Wilderness: Costal, Plymouth MA
Gear: Chocolate Lab
Location: 41.845898°, -70.536905°
Get There: Approximately 1 hour South of Boston’s harbor by car, by kayak…TBD. The park was low key when we were there. We parked at the overflow area, because we missed the main entrance, and followed some not so clearly marked trails to the main parking lot and trail head access. In general parking seems plentiful with the overflow lot off of directly off of 3A. Mass.gov offers some great additional information.
Log: The weekend had pushed into the 70’s which offered a nice respite to the previous weeks of teen temp lows. Not having seen the ocean since Fall and with the remains of the recent Nor’easter dwindling, we headed to the coast for an afternoon of hiking.
From the main parking lot there is only one trail you need to follow for beach access. After 5 minutes easy strolling through hardwoods and meandering hills you will start to see the beach and Cape Cod Bay peaking through the trees.
Spring was in the air, but the Marshlands were still recovering from the recent snowpack. The 12″ cover of New England white gold had curiously left the uncanny resemblance of a hipster’s impeccably styled hair. Structured yet disheveled, it was both welcoming and disturbing. Marsh grass had never looked so good.

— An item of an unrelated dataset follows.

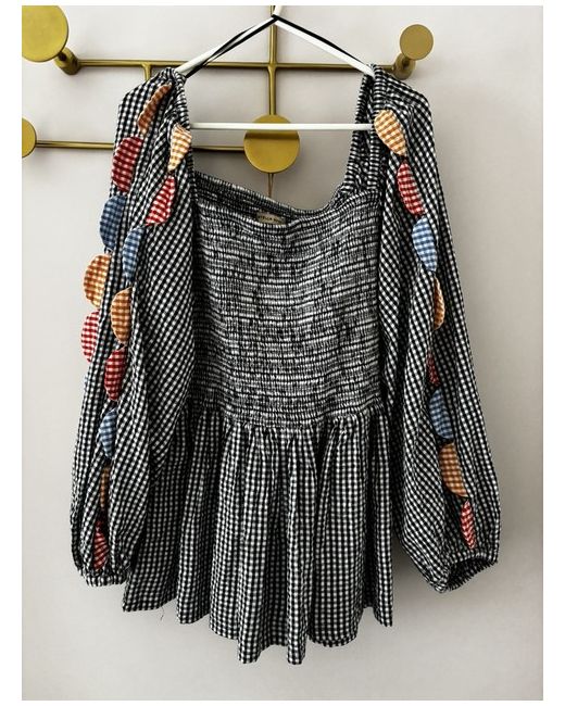 The Stella Nova Top is a stylish blouse with a square neckline and long sleeves, perfect for a size UK12/14. Made from 100% cotton in a classic black colour, this tunic-style top features a check pattern and scalloped edges, adding a touch of elegance. With a collar and the brand's signature character named Stella, this top is a versatile and chic addition to any woman's wardrobe.

Within 15 minutes you clear the woods and meet the beach. A pebble sanded shoreline replaces the trail and Truffle shifts her excitement level to full throttle. The leash comes off, a tennis ball came out and we were now engaged in a perpetual game of catch as we headed South.
After continuous ball throwing and some intermittent walking, we made it to what appeared to be the main inlet to the salt marsh. The tide was on its way out, but with the water to high to cross we were forced to stop and enjoy the views of steep dunes and continuous beach stretching South.

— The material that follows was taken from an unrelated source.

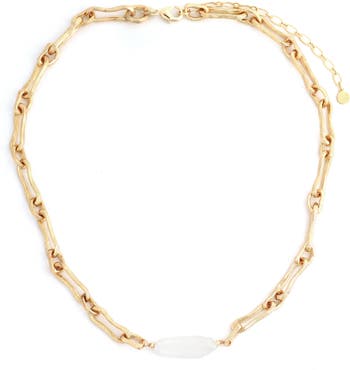 An organic freshwater pearl brings refined luster to an elegant chain link necklace plated in 14-karat gold.

Following the inlet West, you can choose to walk deep into the salt marsh. At this time of year the marsh grass was still short, making it easy to explore the estuary by foot. The water was clear and cold with the tides quick current resembling the flow of a narrow river.
The wind had picked up on this point, but the twisted pines offered a nice shelter. Walking through the middle of the barrier beach you gain enough altitude, ~5ft from sea level, for some fantastically open view of the shoreline. On the marsh side of the beach we came across a large permanent nesting structure, which offers up the best views of the park to its lucky resident.
Every year there is that weekend outdoors which reveals a gateway to Spring. This year bridging that gap was Ellisville Harbor. The perfect conflict, snowmelt runoff at a bathing suit (optional?) destination.